Skip the pictures and repeat each line of the data exactly.
━━━ RECORDED DATA ━━━
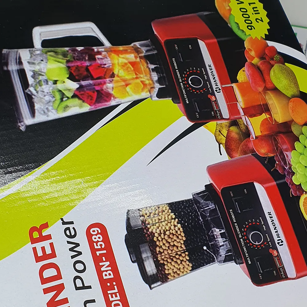 أداء قوي: خلاط بقدرة 9000 واط لتقطيع وطحن جميع أنواع المكونات بسرعة وكفاءة.
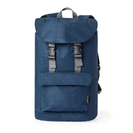 Mochila confeccionada en elegante polipiel. De diseño urbano que incluye un bolsillo central acolchado con doble cierre para tablet de hasta 10 pulgadas y portátil de hasta 15 pulgadas, así como un bolsillo segundario. Además, tiene un bolsillo frontal con cremallera y solapa protectora. Las cintas de hombros y la espalda son acolchadas, ajustables y cuentan con una tela transpirable. Incorpora un accesorio para ajustarse al trolley y una cómoda asa en la parte superior. Presentada en una bolsa individual reciclada.
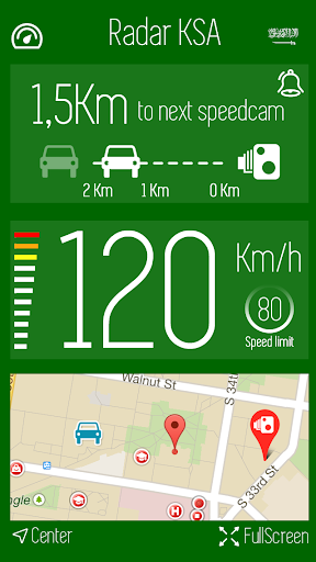 Radar KSA displays the positioning of speed cameras in Saudi Arabia, as well as your position on the map and the speed you are driving at.
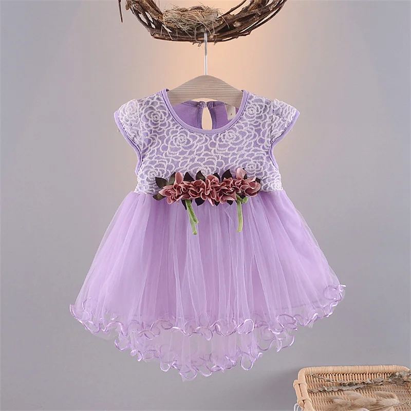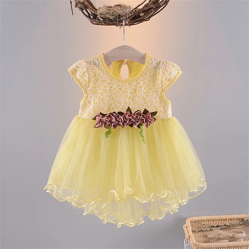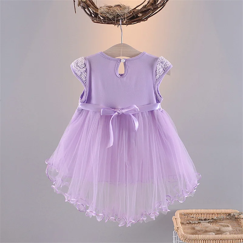 0-4Years Baby Girls Dress Kid Princess Party Clothes Toddler 4 Color Flower Mesh Children Clothing Sleeveless Summer Outfit A457
━━━
• _SOLUTION TO THE EXERCISE_:
 أداء قوي: خلاط بقدرة 9000 واط لتقطيع وطحن جميع أنواع المكونات بسرعة وكفاءة.
 Mochila confeccionada en elegante polipiel. De diseño urbano que incluye un bolsillo central acolchado con doble cierre para tablet de hasta 10 pulgadas y portátil de hasta 15 pulgadas, así como un bolsillo segundario. Además, tiene un bolsillo frontal con cremallera y solapa protectora. Las cintas de hombros y la espalda son acolchadas, ajustables y cuentan con una tela transpirable. Incorpora un accesorio para ajustarse al trolley y una cómoda asa en la parte superior. Presentada en una bolsa individual reciclada.
 Radar KSA displays the positioning of speed cameras in Saudi Arabia, as well as your position on the map and the speed you are driving at.
 0-4Years Baby Girls Dress Kid Princess Party Clothes Toddler 4 Color Flower Mesh Children Clothing Sleeveless Summer Outfit A457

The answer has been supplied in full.